22. The system of claim 16, the processor further including:

an instruction length decoder, wherein the control circuit is to block processing of data associated with the next instruction by the instruction length decoder.

23. The system of claim 16, wherein the instruction fetch unit is to fetch a branch target if the branch prediction unit determines that the branch is predicted to be taken.

24. The system of claim 16, wherein the branch prediction unit is to transmit a branch taken signal to the control circuit if the branch is predicted to be taken.

25. The system of claim 24, wherein the power control circuit is to prevent an output of a cache array to be input to an instruction length decoder in response to the branch taken signal.

26. The system of claim 16, wherein the next instruction is a next sequential instruction.

27. Apparatus comprising:

an instruction pointer to fetch a next sequential instruction for processing;

an instruction cache array coupled to the instruction pointer to output information associated with the next sequential instruction;

a latch coupled between the output of the instruction cache array and a instruction length decoder;

a circuit to open the latch if a branch taken signal is received, wherein the branch taken signal indicates that a branch has been predicted to be taken.

28. The apparatus of claim 27, the circuit comprising:

an AND gate having a first input, second input and an output, wherein the first input is an inverted branch taken signal and the second input is an inverted clock and the output is used to open the latch to prevent the information associated with the next sequential instruction from being output to the instruction length decoder if the branch is predicted to be taken.

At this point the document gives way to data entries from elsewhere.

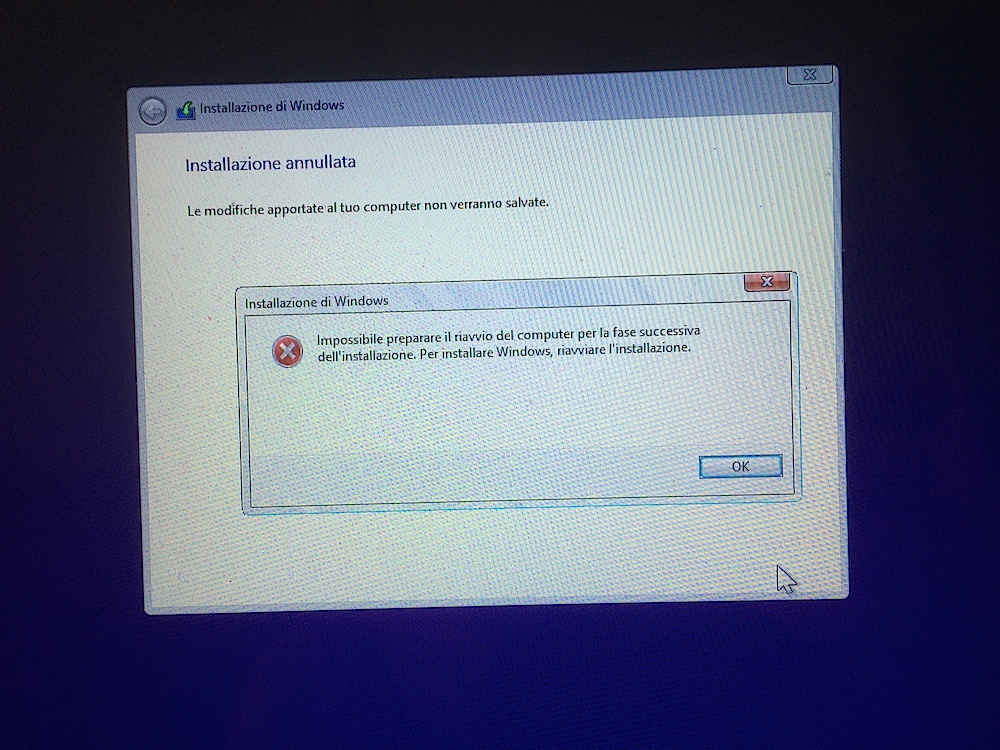 I've tried several times to Install Windows 8.0 into the Secondary HHD Drive (USB KEY created with a Windows 8.1 Iso Image through the Bootcamp assistent) but without success. This is the message at the end of the Windows 8.1 installation process:
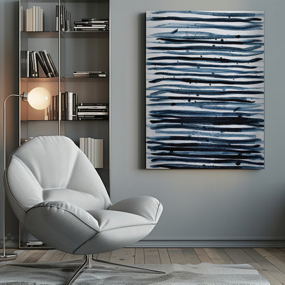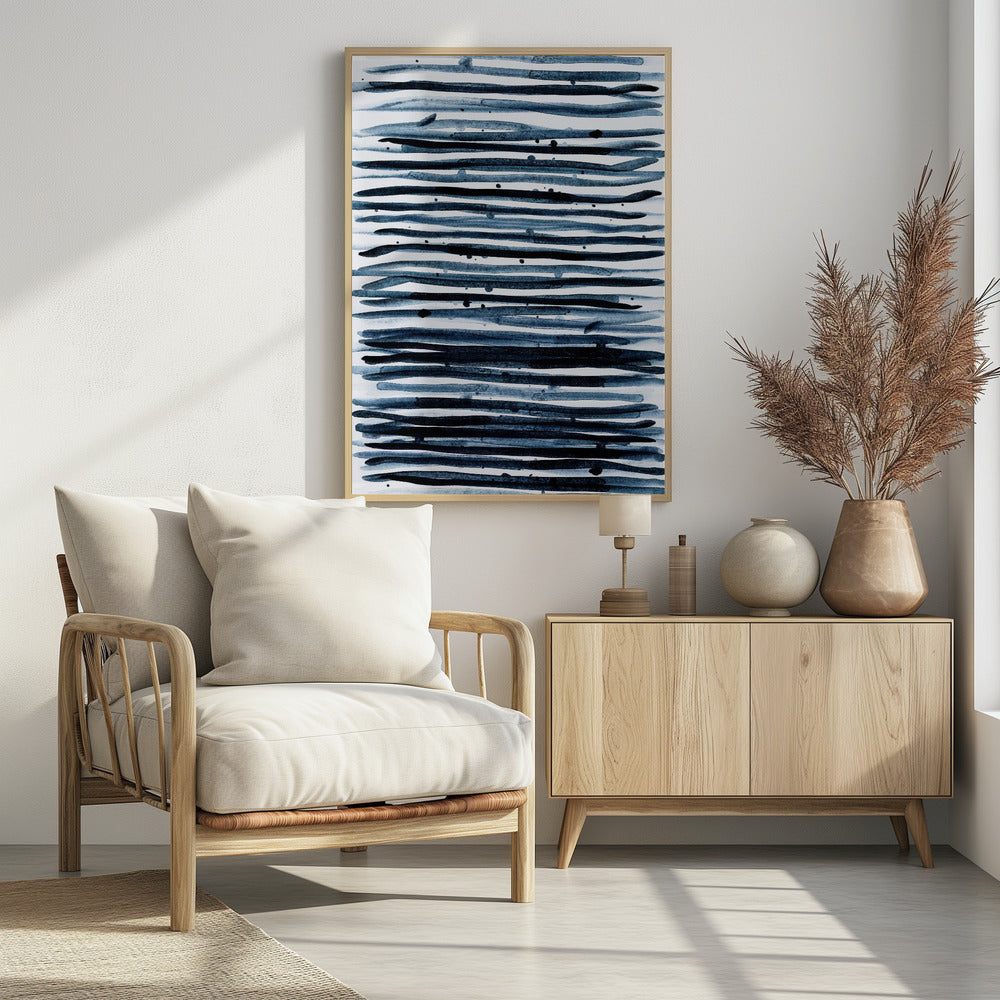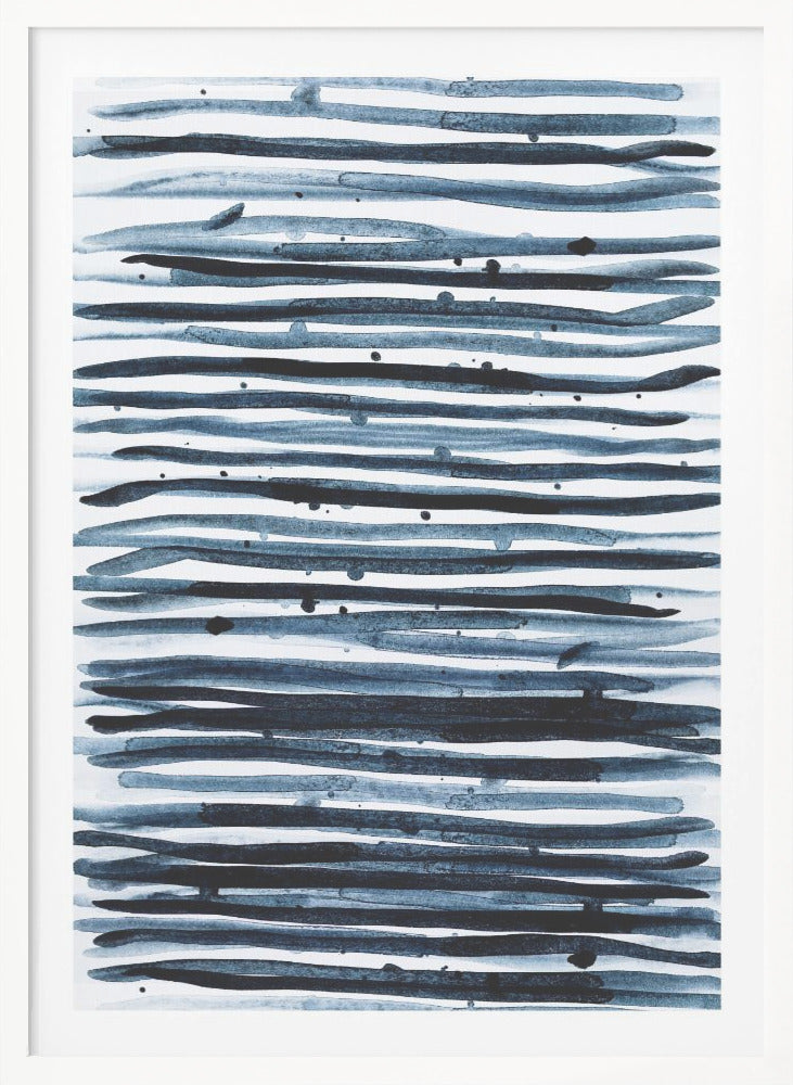 Upptäck "Watercolors 9" av Mareike Böhmer, ett fängslande konstverk som förvandlar akvarellens flödande natur till en dynamisk abstraktion. Med ljusa, nästan självlysande blå och vita toner skapar detta tryck en känsla av lugn och rörelse. Organiska former och linjer smälter samman i en harmonisk komposition, framhävd av en mjuk textur.
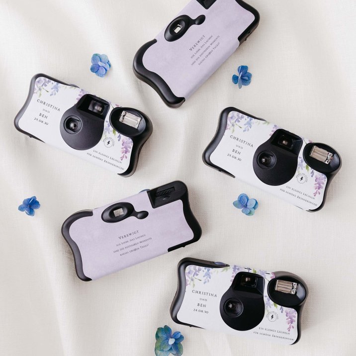 Versehen Sie die Einwegkamera für Ihre Hochzeit mit einem selbstklebenden, individuell gestaltbaren Etikett, das perfekt zum Thema Ihres großen Tages passt.
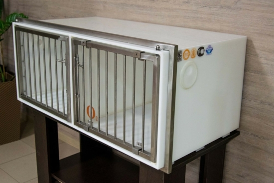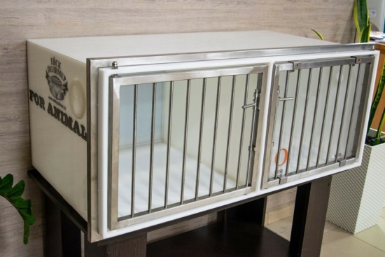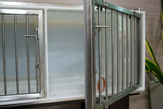 Клетка для животных, выполнена из прочного, химически стойкого, пищевого пластика – полипропилена (PP). Дверцы секций, включая крепеж, выполнены из нержавеющей стали AISI 304.

29. An apparatus comprising:

an instruction pointer to fetch a next sequential instruction for processing;

a branch prediction unit to determine that a branch is to be taken and generate a branch taken signal;

a cache logic array coupled to the instruction pointer to receive data associated with the next sequential instruction and to receive the branch taken signal;

an instruction length decoder coupled to the cache logic array, wherein responsive to the received branch taken signal, the cache logic array is to abort further processing of the data associated with the next sequential instruction.

30. The apparatus of claim 29, further comprising:

circuitry to block the data associated with the next sequential instruction from entering the instruction length decoder if the branch taken signal is received.